The Great Blizzard of 1888 killed 400 people and built the New York City subway. Winter Storm Uri killed 246–700 people and nearly destroyed the Texas power grid. Twelve storms, 135 years of data, and the uncomfortable question of whether we're actually getting better at surviving winter.

By the Weather On This Day Research Team||Sources: NOAA, NWS, NCEI, FEMA
Deadliest Blizzard
400+
Great Blizzard 1888
Deepest Snow
58"
Saratoga Springs 1888
States Affected
26
Storm of Century 1993
Costliest Winter Event
$195B
Winter Storm Uri

The Great Blizzard of 1888 killed over 400 people and buried New York City under 50 inches of snow with drifts reaching 50 feet.
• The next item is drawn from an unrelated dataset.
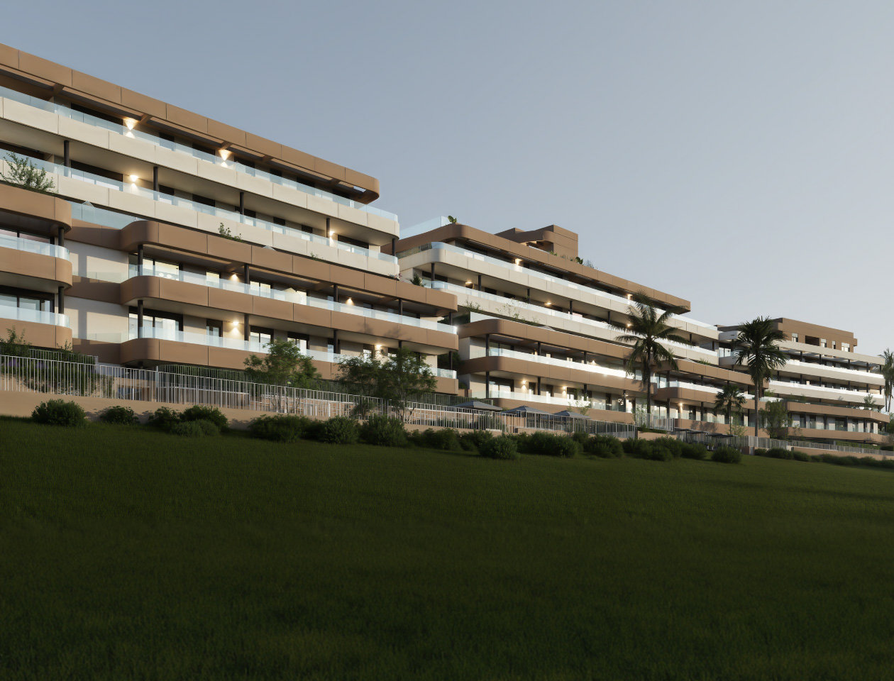 Las zonas verdes acompañan la arquitectura y el entorno natural de la promoción, creando recorridos y espacios exteriores donde la vegetación, la tranquilidad y la belleza del paisaje forman parte de la experiencia diaria.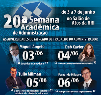 O curso de Administração da URI estará promovendo sua 20ª Semana Acadêmica de 03 a 07 de junho, com o tema “As Adversidades no Mercado de Trabalho do Administrador”. Serão abordados nas palestras os obstáculos e também as oportunidades para os profissionais desta área. Na programação constam os seguintes palestrantes:

Every telegraph line, every rail connection, and every road between New York and Boston was severed for days. The storm was so catastrophic that it directly caused the construction of the NYC subway system — because the city could never again afford to have all its transit infrastructure above ground.

I went through NOAA's storm event database and historical records going back to the 1880s to rank these. What surprised me most wasn't the 19th-century storms — it was how recent the deadliest events are. Winter Storm Uri in 2021 may have killed more Americans than the Great Blizzard of 1888, and it didn't even produce significant snowfall in the areas it hit hardest. It killed through cold and infrastructure failure in Texas, a state that hadn't winterized its power grid because nobody thought it needed to.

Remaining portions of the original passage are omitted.